In his order Tuesday, Judge Broomes said the plaintiffs were likely to prevail, noting that the “legislative history [of Title IX] shows that Congress was concerned about the unequal treatment between men and women for admissions opportunities, scholarships, and sports.”

“The legislative history supports a finding that the term ‘sex’ referred to biological sex,” said Judge Broomes, an appointee of former President Trump. “As discussed, one of the principal purposes of the statute was to root out discrimination against women in education.”


“Rather, Defendants argue that this makes no difference because discrimination on the basis of gender identity is discrimination on the basis of biological sex,” he said. “Therefore, the final regulation is not contrary to Title IX.”

The federal court’s ruling halts the Title IX changes from taking effect while the lawsuit State of Kansas v. U.S. Department of Education continues.

The Mountain States Legal Foundation and Southeastern Legal Foundation, which represented the plaintiffs in the Kansas ruling, said the final rule has “devastating consequences for free speech.”

“Under the Department of Education’s new rule, ‘sex’ no longer means male or female but includes gender identity and sex stereotypes, so anyone who speaks out against gender identity, fails to recognize a classmate’s ‘preferred pronouns,’ or speaks up for their physical safety and right not to have to undress in front of the opposite biological sex can be punished for harassment,” said the foundations in a statement.
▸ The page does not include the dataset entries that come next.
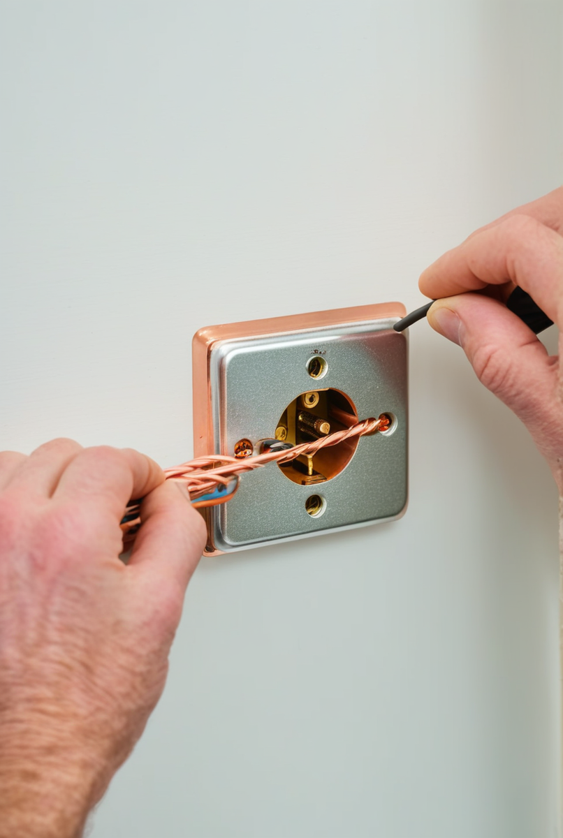 Монтаж электропроводки и установка розетки: подключение проводов с медной жилой, зачистка изоляции, скрытая установка в подрозетник, монтаж лицевой панели и рамки для розетки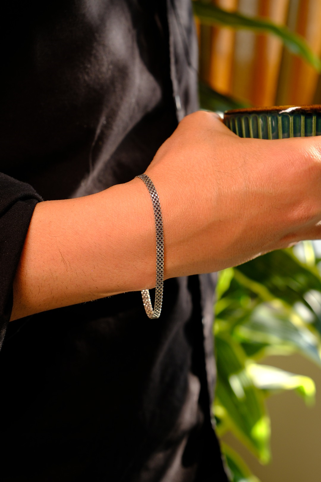 925 ayar gerçek gümüşten üretilen bu özel tasarım, hem sağlam yapısı hem de minimal şıklığıyla günlük kullanım için idealdir. Her bileğe uyum sağlayan formu sayesinde konforlu bir deneyim sunarken, zarif dokusu ile maskülen bir karakter oluşturur.
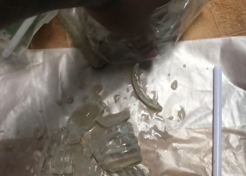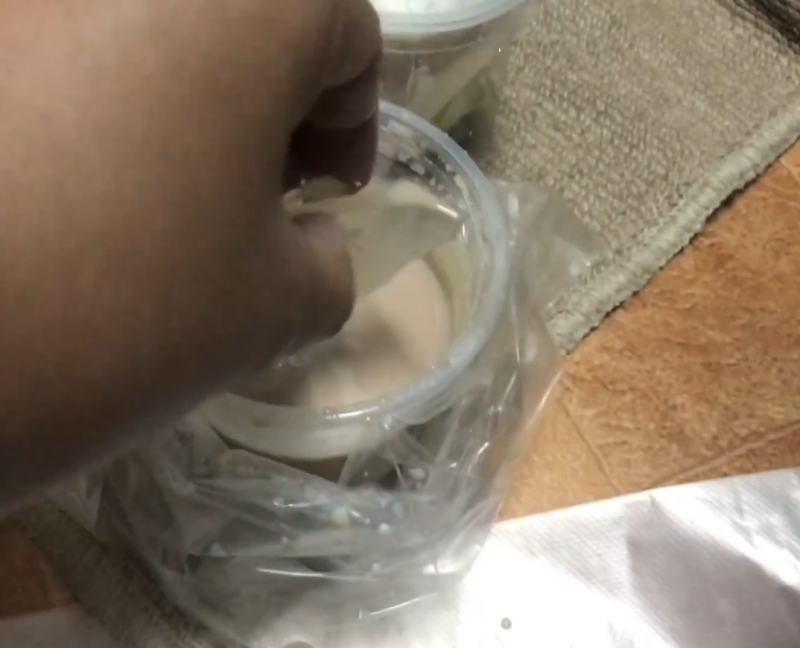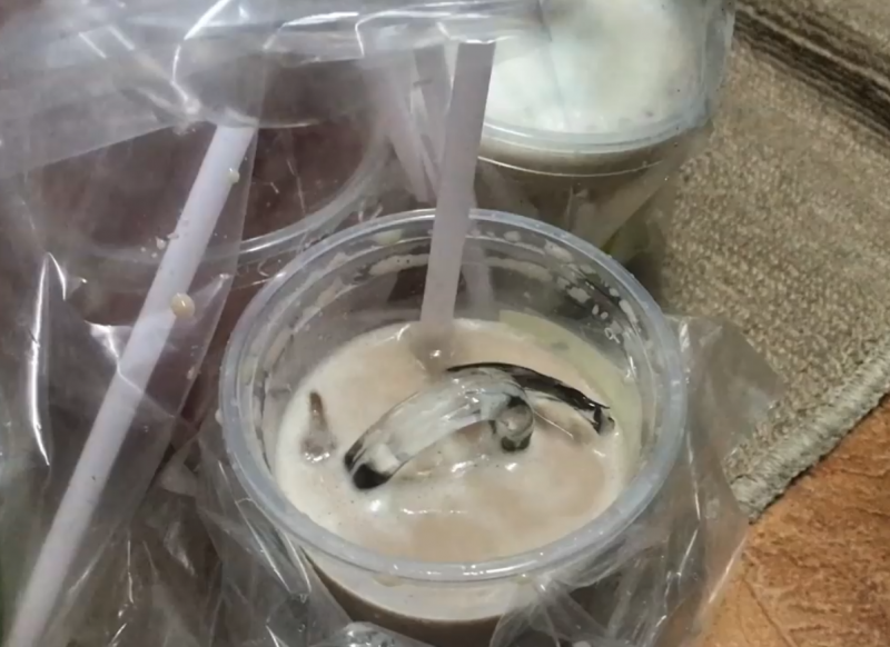 ด้วยความหิวตนจึงรีบใช้หลอดดูดน้ำไปประมาณครึ่งแก้ว และได้เปิดฝาแก้วเพื่อที่จะกินน้ำแข็ง ก็ต้องตกใจเมื่อเห็นเศษที่อยู่ในแก้วน้ำลักษณะใสผิดปกติ จึงใช้หลอดดูดเขี่ยดู ก็พบว่าเป็นเศษแก้วที่แตกแล้วเป็นจำนวนมาก จึงได้นำโทรศัพท์มาถ่ายคลิป และถ่ายภาพไว้ ก่อนที่จะโพสต์ลงในเฟซบุ๊กของตนเอง
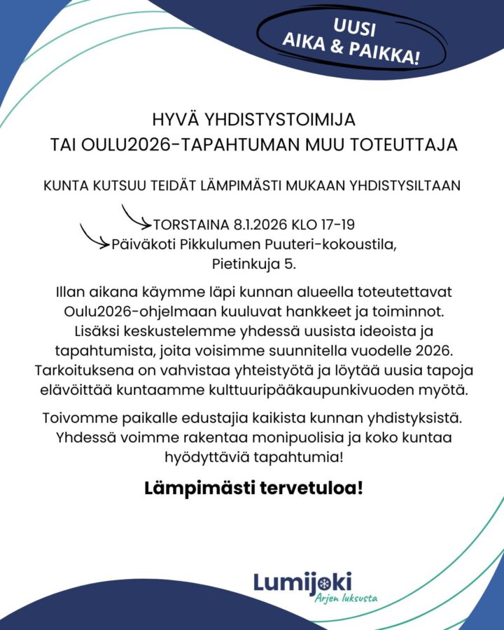Illan aikana käymme läpi kunnan alueella toteutettavat Oulu2026-ohjelmaan kuuluvat hankkeet ja toiminnot. Lisäksi keskustelemme yhdessä uusista ideoista ja tapahtumista, joita voisimme suunnitella vuodelle 2026. Tarkoituksena on vahvistaa yhteistyötä ja löytää uusia tapoja elävöittää kuntaamme kulttuuripääkaupunkivuoden myötä.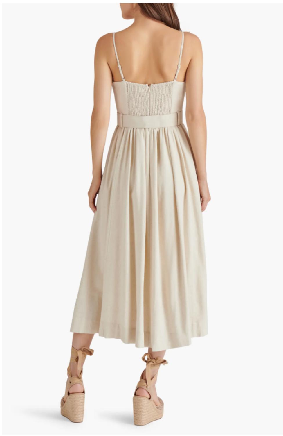 Introducing the Napoli Dress by STEVE MADDEN, an effortlessly chic addition to your vacation wardrobe. This midi dress features adjustable spaghetti straps and a flattering square neckline, complemented by an A-line silhouette with side-seam pockets. Made from a breathable linen blend composed of 55% linen and 45% rayon, it offers a natural, minimalist look perfect for spring getaways. Closure: Hidden back-zip closure. Ideal for warm-weather wear, its understated elegance suits various occasions.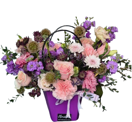 Tierna bolsa de rosas, margarita, claveles y finos follajes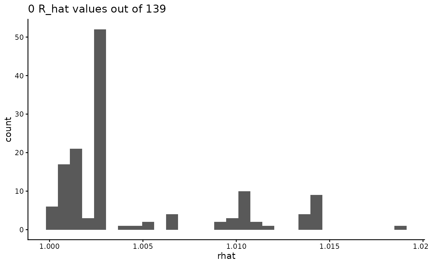 hmde_plot_Rhat_hist.RdPlot histogram of R_hat values for hmde_fit object.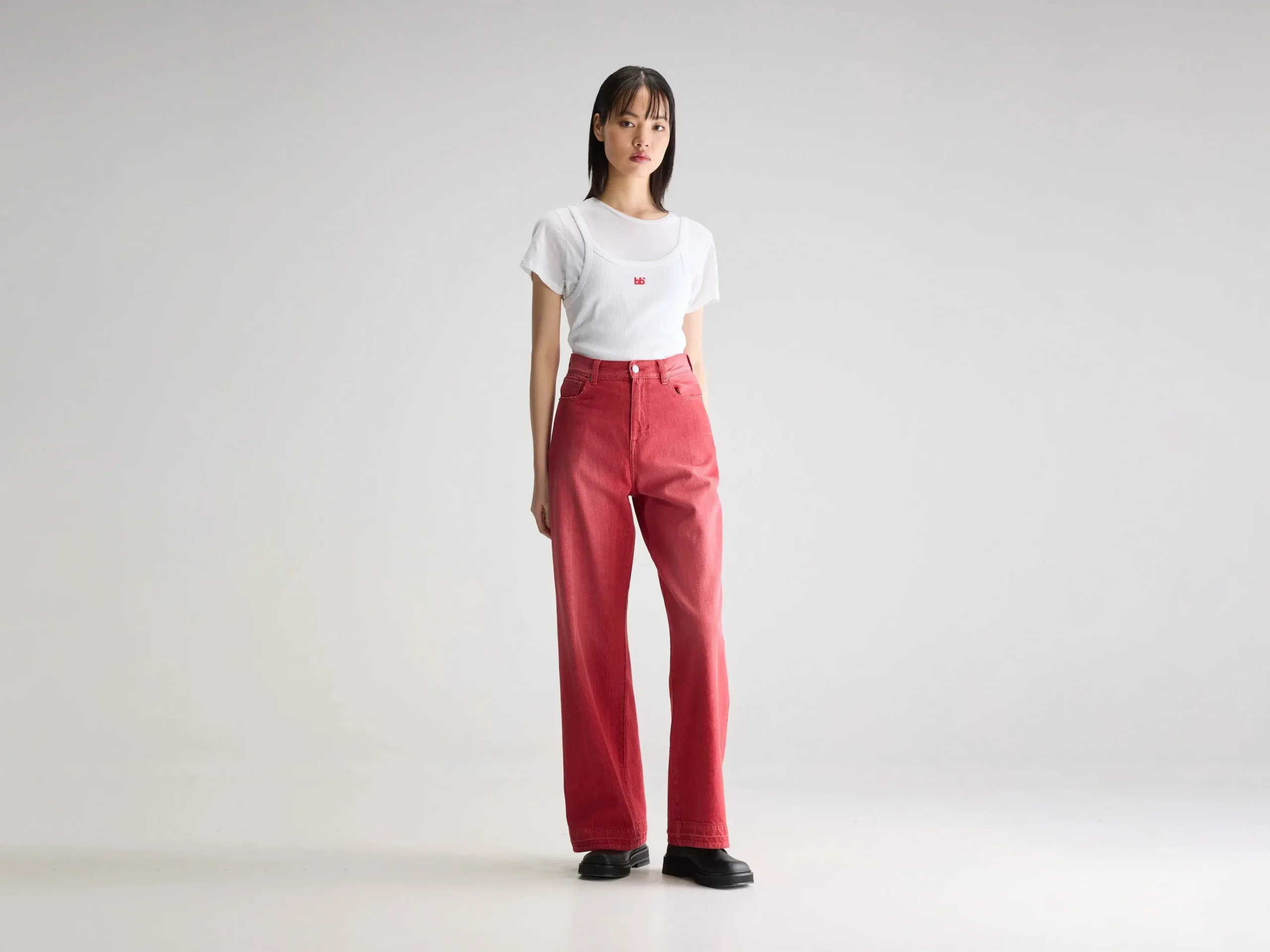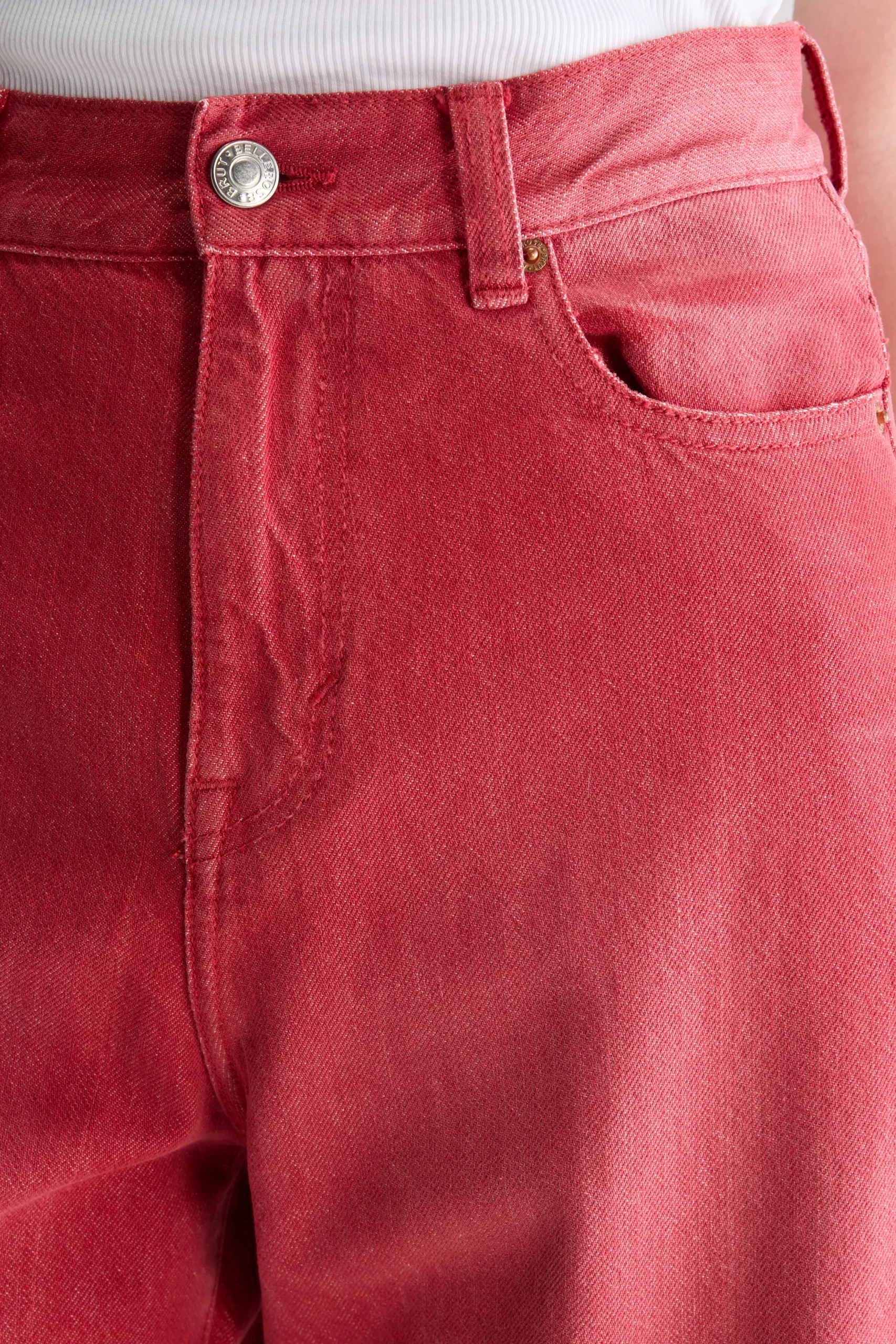 Boyfriend jeans met halfhoge taille en wijde pijpen van donkerrode denim, met distressed details op de zoom.Relaxte pasvorm Halfhoog, wijde pijpen Lichte denim, geen stretchRitssluitingBinnenbeenlengte: 32″(gebaseerd op maat 26)De binnenbeenlengte past zich lichtjes aan afhankelijk van de gekozen maat, zodat de pasvorm proportioneel blijft.Voorheen: Parthe Jeans

“We will continue to stand for our students’ rights to proclaim biological truth and will cede no ground to the left’s lies,” Mr. Walker said. “Soon, students can return to campus secure in the knowledge that they cannot be punished for what they believe.”

The Washington Times has reached out to the department for comment. The department defended its rulemaking process after the Louisiana ruling on June 13.

“The Department crafted the final Title IX regulations following a rigorous process to realize the Title IX statutory guarantee,” a DOE spokesperson told Higher Ed Dive in a statement.